#### Your goal:
From the first line to the last, copy the listing exactly and omit the images.

#### Recorded information:
★ ★ ★ ★ ★ ★ ★
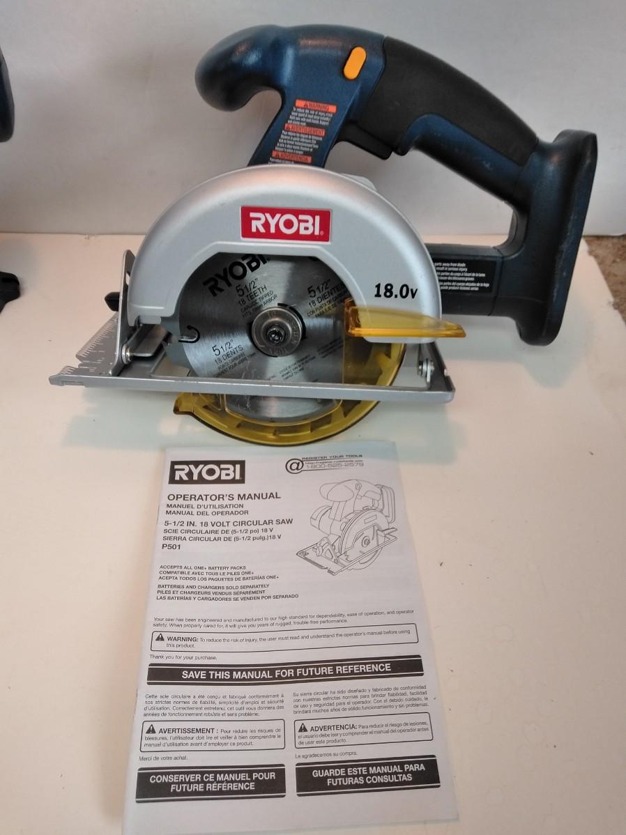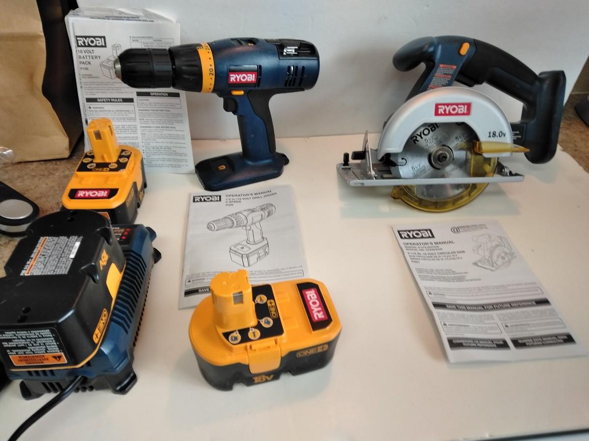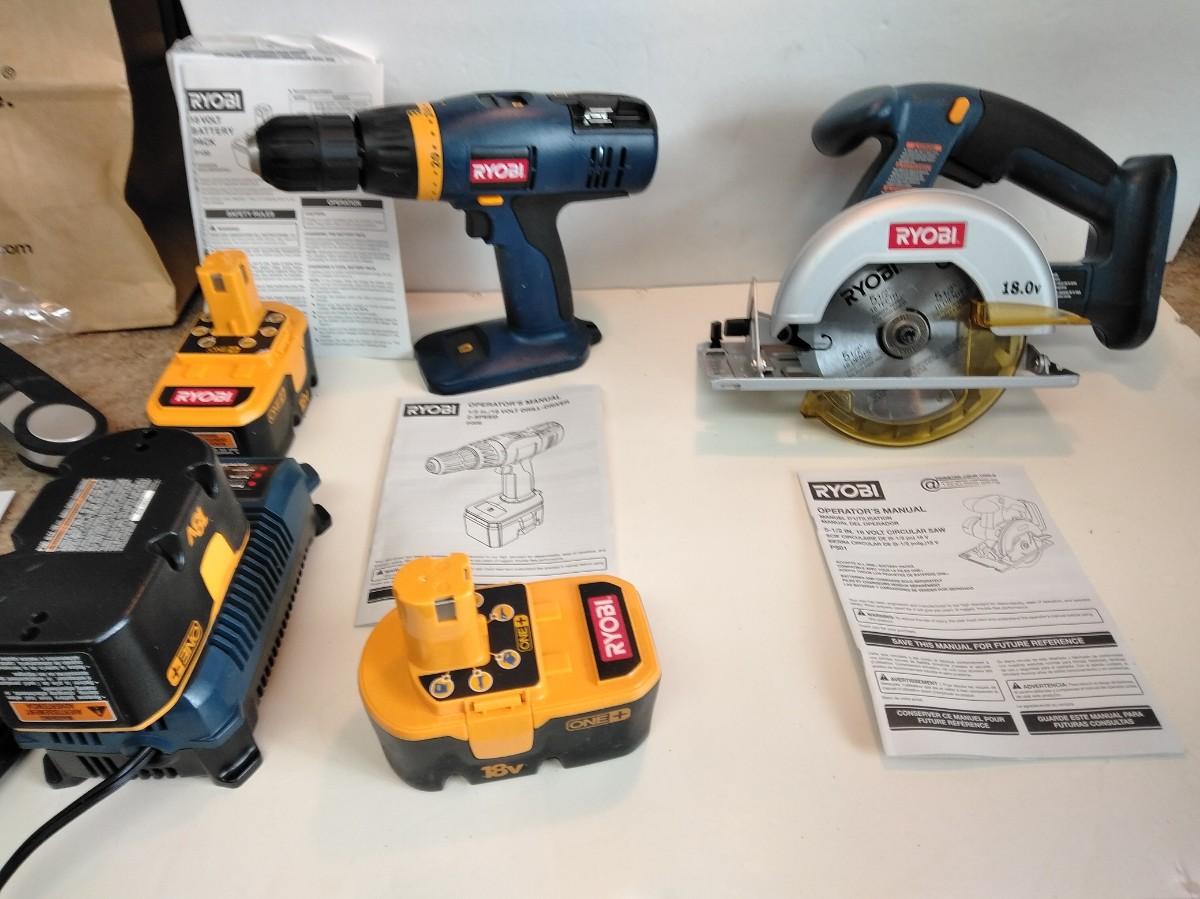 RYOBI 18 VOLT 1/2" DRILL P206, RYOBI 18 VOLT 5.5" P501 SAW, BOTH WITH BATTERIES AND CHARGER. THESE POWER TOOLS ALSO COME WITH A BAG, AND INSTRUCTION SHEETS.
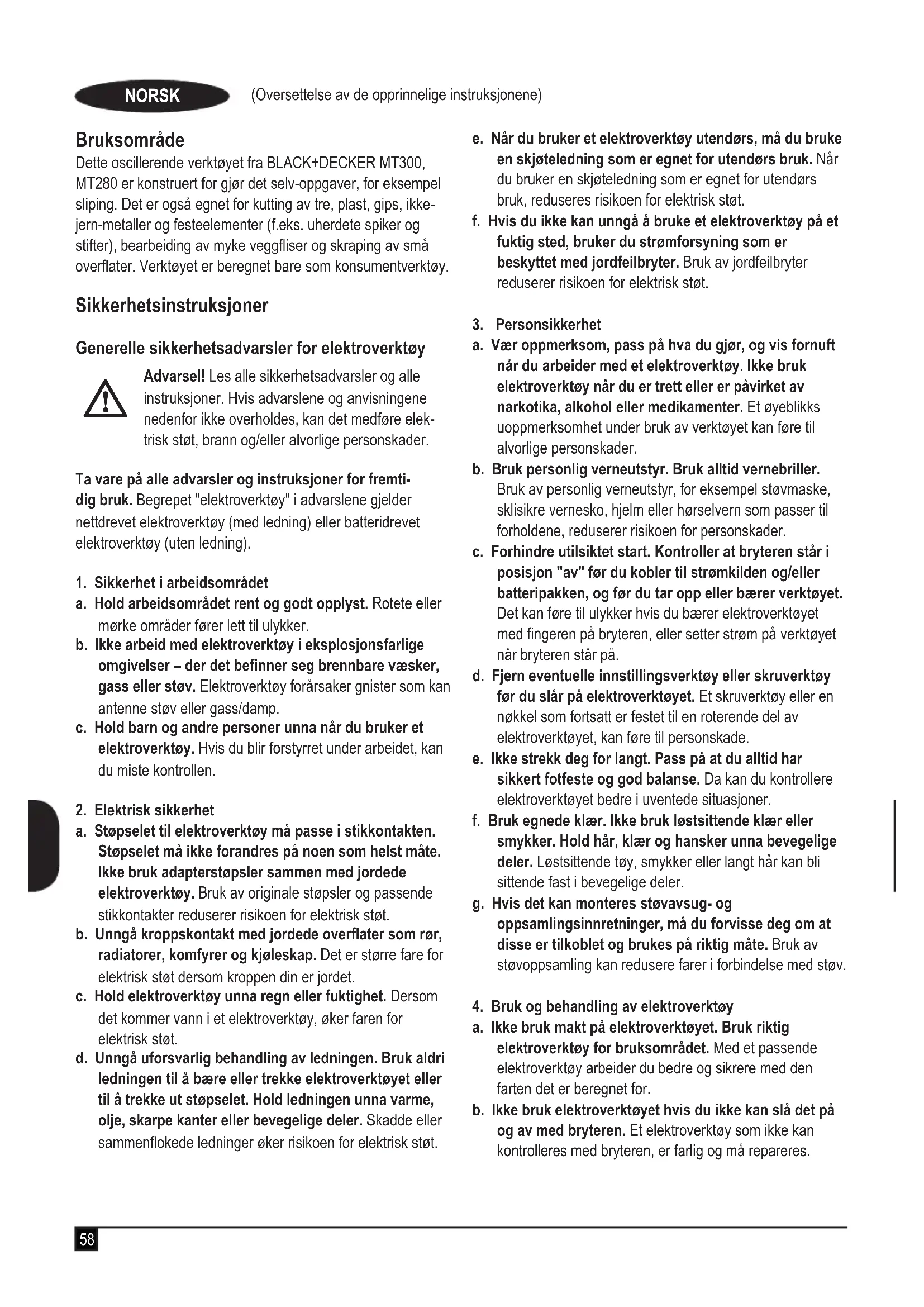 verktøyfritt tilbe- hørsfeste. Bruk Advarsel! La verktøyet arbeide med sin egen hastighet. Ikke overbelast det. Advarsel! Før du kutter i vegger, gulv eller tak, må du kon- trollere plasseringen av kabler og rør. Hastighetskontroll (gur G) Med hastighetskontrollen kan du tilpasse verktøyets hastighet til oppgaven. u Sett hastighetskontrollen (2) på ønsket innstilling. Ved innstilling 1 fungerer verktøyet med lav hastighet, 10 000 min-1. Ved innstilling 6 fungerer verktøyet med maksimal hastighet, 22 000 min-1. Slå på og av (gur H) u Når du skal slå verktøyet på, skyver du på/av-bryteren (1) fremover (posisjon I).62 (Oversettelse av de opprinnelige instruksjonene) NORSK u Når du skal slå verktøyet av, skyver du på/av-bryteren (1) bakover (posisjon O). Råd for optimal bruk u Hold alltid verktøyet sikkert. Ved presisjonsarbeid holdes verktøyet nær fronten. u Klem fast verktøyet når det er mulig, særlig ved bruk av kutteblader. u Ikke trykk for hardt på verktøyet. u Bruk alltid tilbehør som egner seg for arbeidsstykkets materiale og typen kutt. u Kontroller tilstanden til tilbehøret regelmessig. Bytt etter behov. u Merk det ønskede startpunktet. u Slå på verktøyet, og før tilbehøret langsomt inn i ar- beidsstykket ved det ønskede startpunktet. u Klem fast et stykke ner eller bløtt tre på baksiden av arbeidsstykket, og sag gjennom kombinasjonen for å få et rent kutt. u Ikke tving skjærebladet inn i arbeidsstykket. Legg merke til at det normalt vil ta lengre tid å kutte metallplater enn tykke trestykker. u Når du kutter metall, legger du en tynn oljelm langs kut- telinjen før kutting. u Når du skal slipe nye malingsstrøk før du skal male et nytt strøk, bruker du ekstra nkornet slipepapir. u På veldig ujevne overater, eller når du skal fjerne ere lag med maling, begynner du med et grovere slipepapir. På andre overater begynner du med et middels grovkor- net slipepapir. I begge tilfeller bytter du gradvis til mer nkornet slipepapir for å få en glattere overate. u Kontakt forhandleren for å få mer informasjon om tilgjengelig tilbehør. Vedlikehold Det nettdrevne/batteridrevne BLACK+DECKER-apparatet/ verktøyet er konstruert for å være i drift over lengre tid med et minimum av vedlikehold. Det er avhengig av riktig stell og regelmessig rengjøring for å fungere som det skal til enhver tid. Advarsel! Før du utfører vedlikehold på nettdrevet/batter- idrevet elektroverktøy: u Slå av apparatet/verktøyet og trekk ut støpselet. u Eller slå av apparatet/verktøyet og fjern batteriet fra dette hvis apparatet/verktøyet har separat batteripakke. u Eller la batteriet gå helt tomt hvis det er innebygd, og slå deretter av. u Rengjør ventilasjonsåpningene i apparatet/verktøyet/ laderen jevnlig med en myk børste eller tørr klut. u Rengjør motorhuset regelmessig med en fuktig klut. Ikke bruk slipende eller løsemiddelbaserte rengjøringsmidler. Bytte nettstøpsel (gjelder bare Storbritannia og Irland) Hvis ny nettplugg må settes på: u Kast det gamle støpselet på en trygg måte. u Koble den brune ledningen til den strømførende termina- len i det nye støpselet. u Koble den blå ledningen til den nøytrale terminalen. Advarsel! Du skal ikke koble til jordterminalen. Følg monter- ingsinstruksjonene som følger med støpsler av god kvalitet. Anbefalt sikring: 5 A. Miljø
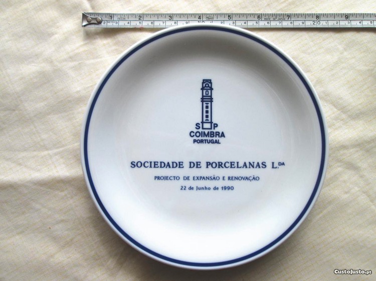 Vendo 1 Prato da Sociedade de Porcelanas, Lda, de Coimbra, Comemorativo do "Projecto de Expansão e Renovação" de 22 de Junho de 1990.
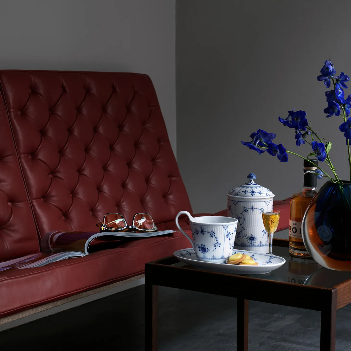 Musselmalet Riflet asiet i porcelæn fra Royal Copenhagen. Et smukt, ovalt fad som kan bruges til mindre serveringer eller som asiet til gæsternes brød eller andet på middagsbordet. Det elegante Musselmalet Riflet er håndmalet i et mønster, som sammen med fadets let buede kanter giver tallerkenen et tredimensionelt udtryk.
★ ★ ★ ★ ★ ★ ★
#### Exercise answer:
 RYOBI 18 VOLT 1/2" DRILL P206, RYOBI 18 VOLT 5.5" P501 SAW, BOTH WITH BATTERIES AND CHARGER. THESE POWER TOOLS ALSO COME WITH A BAG, AND INSTRUCTION SHEETS.
 verktøyfritt tilbe- hørsfeste. Bruk Advarsel! La verktøyet arbeide med sin egen hastighet. Ikke overbelast det. Advarsel! Før du kutter i vegger, gulv eller tak, må du kon- trollere plasseringen av kabler og rør. Hastighetskontroll (gur G) Med hastighetskontrollen kan du tilpasse verktøyets hastighet til oppgaven. u Sett hastighetskontrollen (2) på ønsket innstilling. Ved innstilling 1 fungerer verktøyet med lav hastighet, 10 000 min-1. Ved innstilling 6 fungerer verktøyet med maksimal hastighet, 22 000 min-1. Slå på og av (gur H) u Når du skal slå verktøyet på, skyver du på/av-bryteren (1) fremover (posisjon I).62 (Oversettelse av de opprinnelige instruksjonene) NORSK u Når du skal slå verktøyet av, skyver du på/av-bryteren (1) bakover (posisjon O). Råd for optimal bruk u Hold alltid verktøyet sikkert. Ved presisjonsarbeid holdes verktøyet nær fronten. u Klem fast verktøyet når det er mulig, særlig ved bruk av kutteblader. u Ikke trykk for hardt på verktøyet. u Bruk alltid tilbehør som egner seg for arbeidsstykkets materiale og typen kutt. u Kontroller tilstanden til tilbehøret regelmessig. Bytt etter behov. u Merk det ønskede startpunktet. u Slå på verktøyet, og før tilbehøret langsomt inn i ar- beidsstykket ved det ønskede startpunktet. u Klem fast et stykke ner eller bløtt tre på baksiden av arbeidsstykket, og sag gjennom kombinasjonen for å få et rent kutt. u Ikke tving skjærebladet inn i arbeidsstykket. Legg merke til at det normalt vil ta lengre tid å kutte metallplater enn tykke trestykker. u Når du kutter metall, legger du en tynn oljelm langs kut- telinjen før kutting. u Når du skal slipe nye malingsstrøk før du skal male et nytt strøk, bruker du ekstra nkornet slipepapir. u På veldig ujevne overater, eller når du skal fjerne ere lag med maling, begynner du med et grovere slipepapir. På andre overater begynner du med et middels grovkor- net slipepapir. I begge tilfeller bytter du gradvis til mer nkornet slipepapir for å få en glattere overate. u Kontakt forhandleren for å få mer informasjon om tilgjengelig tilbehør. Vedlikehold Det nettdrevne/batteridrevne BLACK+DECKER-apparatet/ verktøyet er konstruert for å være i drift over lengre tid med et minimum av vedlikehold. Det er avhengig av riktig stell og regelmessig rengjøring for å fungere som det skal til enhver tid. Advarsel! Før du utfører vedlikehold på nettdrevet/batter- idrevet elektroverktøy: u Slå av apparatet/verktøyet og trekk ut støpselet. u Eller slå av apparatet/verktøyet og fjern batteriet fra dette hvis apparatet/verktøyet har separat batteripakke. u Eller la batteriet gå helt tomt hvis det er innebygd, og slå deretter av. u Rengjør ventilasjonsåpningene i apparatet/verktøyet/ laderen jevnlig med en myk børste eller tørr klut. u Rengjør motorhuset regelmessig med en fuktig klut. Ikke bruk slipende eller løsemiddelbaserte rengjøringsmidler. Bytte nettstøpsel (gjelder bare Storbritannia og Irland) Hvis ny nettplugg må settes på: u Kast det gamle støpselet på en trygg måte. u Koble den brune ledningen til den strømførende termina- len i det nye støpselet. u Koble den blå ledningen til den nøytrale terminalen. Advarsel! Du skal ikke koble til jordterminalen. Følg monter- ingsinstruksjonene som følger med støpsler av god kvalitet. Anbefalt sikring: 5 A. Miljø
 Vendo 1 Prato da Sociedade de Porcelanas, Lda, de Coimbra, Comemorativo do "Projecto de Expansão e Renovação" de 22 de Junho de 1990.
 Musselmalet Riflet asiet i porcelæn fra Royal Copenhagen. Et smukt, ovalt fad som kan bruges til mindre serveringer eller som asiet til gæsternes brød eller andet på middagsbordet. Det elegante Musselmalet Riflet er håndmalet i et mønster, som sammen med fadets let buede kanter giver tallerkenen et tredimensionelt udtryk.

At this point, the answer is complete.